For Earth Day in 2026, the celebratory events held April 22 numbered well over 10,000 worldwide. From cleanups to teach-ins to tree planting, such activities help boost enthusiasm for caring about the environment. Ultimately, however, it is during the other days of the year that follow-through can bring those good intentions to fruition.
Over decades of Earth Day celebrations, many individuals have found that a focus on environmental care in local communities can reap tangible civic and social benefits. A case in point is Philadelphia, where a long-standing project in urban greening has been linked to drops in crime. That success has led the neighboring city of Chester to trod the same path.
Philadelphia’s story began with green-thumbed activists from the Pennsylvania Horticultural Society seeking to recover good neighborliness, square foot by square foot. Working with local contractors and volunteers, the Society’s LandCare initiative cleaned up and greened nearly 12,000 derelict plots (or one-third of the city’s vacant land) since 2003. (Nationwide, nearly 7.4 million acres – or 15% – of land in American cities is considered vacant or abandoned.)
“It makes the blocks cleaner and nicer. People … start to put a little more effort into their own public spaces/curbs,” one resident told LandCare during a 2025 survey, which found that 47% of residents felt more connected to their neighbors and 59% felt safer.
Not only do these city dwellers feel safer, they are safer. A 2018 controlled study directly linked greened areas in Philadelphia to a 29.1% drop in gun violence and 21.9% drop in burglaries over time; another study found a reduction in residents’ self-reported depression or poor mental health.
This tracks with broader findings: In Flint, Michigan, cleaner, greener areas saw 40% fewer assaults and violent crimes over a five-year period. A comparative review of 301 of the largest cities in the United States found that greater green space was associated with lower violent crime in all but three cities, and lower property crime in all of them.
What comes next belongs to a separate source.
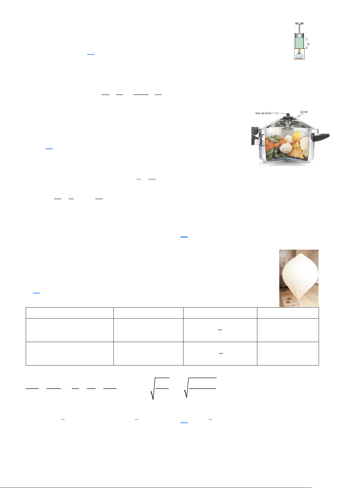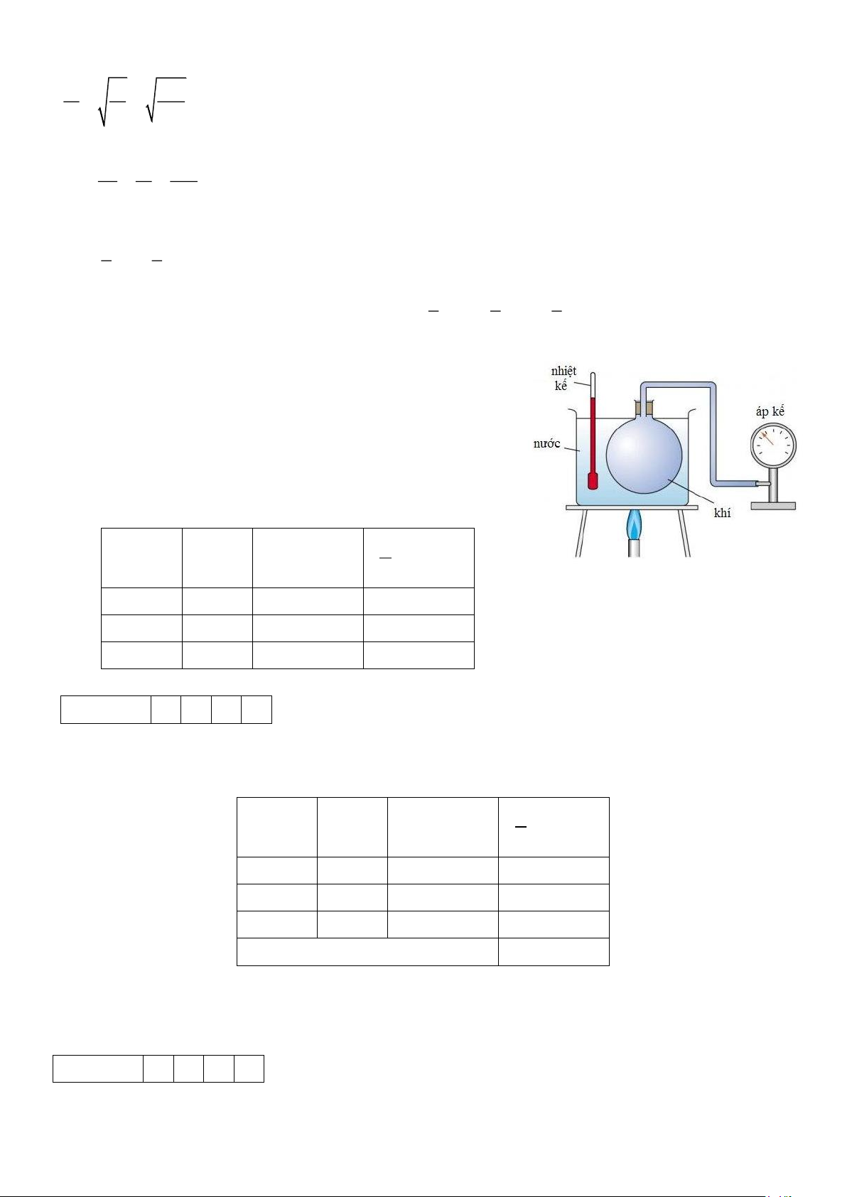 Tỉ số p/T có giá trị trung bình xấp xỉ (làm tròn đến phần nguyên) bằng bao nhiêu Pa/K? Đáp án: 3 3 2 Hướng dẫn 𝑝 t (oC) T (K) p (x105 Pa) (𝑃𝑎/𝐾) 𝑇 28 301 1,00 332,23 58 331 1,10 332,33 75 348 1,15 330,46 Trung bình 331,67

A 2025 study by the University of Illinois Urbana-Champaign across 3,100 counties found lower levels of fatal police shootings. “I was gobsmacked. … [The results] were very clear: the greener the county, the fewer the fatal shootings,” co-author William Sullivan told the news site Reasons to be Cheerful in early April.
This finding, he added, confirmed his earlier research: As cleaner, greener spaces encourage neighbors to venture outdoors more, connection and civic engagement increase – as does informal surveillance of neighborhood goings-on.
That spirit of neighborliness in the City of Brotherly Love was captured by one Philadelphian who told LandCare researchers, “Now, I get to hear the sounds from my childhood that were absent before: children giggling and playing outside.”